AIM OF THE TASK
Print the records below exactly, from the line containing "近一年(2024年11月20" down to the line containing "Compatibilidad de cintas", both lines included, and omit every picture.

##### INFORMATION GIVEN #####

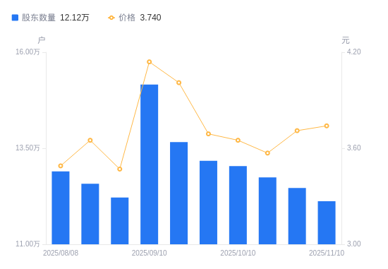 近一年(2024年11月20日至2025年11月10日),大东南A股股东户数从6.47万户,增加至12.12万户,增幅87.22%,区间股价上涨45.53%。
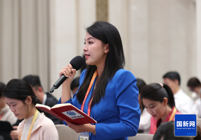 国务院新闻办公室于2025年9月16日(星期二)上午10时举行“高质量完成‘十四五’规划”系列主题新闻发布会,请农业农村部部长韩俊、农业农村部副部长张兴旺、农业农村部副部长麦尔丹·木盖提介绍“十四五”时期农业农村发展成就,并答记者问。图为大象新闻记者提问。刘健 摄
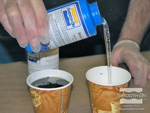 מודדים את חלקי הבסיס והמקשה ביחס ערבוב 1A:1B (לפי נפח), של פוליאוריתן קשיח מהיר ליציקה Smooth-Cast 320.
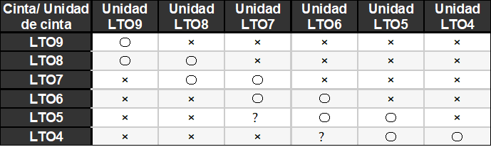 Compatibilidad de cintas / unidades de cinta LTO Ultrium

#####
##### INFORMATION GIVEN #####

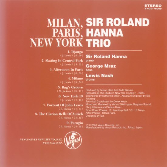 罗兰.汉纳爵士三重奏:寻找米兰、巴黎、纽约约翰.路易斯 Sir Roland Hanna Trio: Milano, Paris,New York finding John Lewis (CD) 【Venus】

#####
##### INFORMATION GIVEN #####

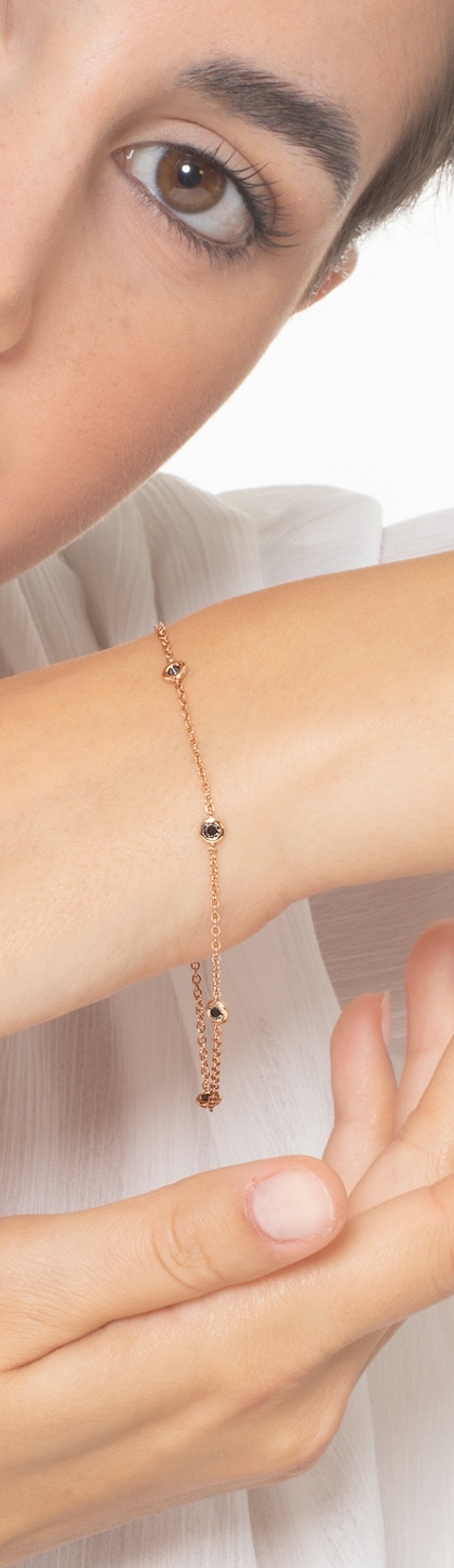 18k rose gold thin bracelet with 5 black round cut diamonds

#####

ANSWER SECTION
 近一年(2024年11月20日至2025年11月10日),大东南A股股东户数从6.47万户,增加至12.12万户,增幅87.22%,区间股价上涨45.53%。
 国务院新闻办公室于2025年9月16日(星期二)上午10时举行“高质量完成‘十四五’规划”系列主题新闻发布会,请农业农村部部长韩俊、农业农村部副部长张兴旺、农业农村部副部长麦尔丹·木盖提介绍“十四五”时期农业农村发展成就,并答记者问。图为大象新闻记者提问。刘健 摄
 מודדים את חלקי הבסיס והמקשה ביחס ערבוב 1A:1B (לפי נפח), של פוליאוריתן קשיח מהיר ליציקה Smooth-Cast 320.
 Compatibilidad de cintas / unidades de cinta LTO Ultrium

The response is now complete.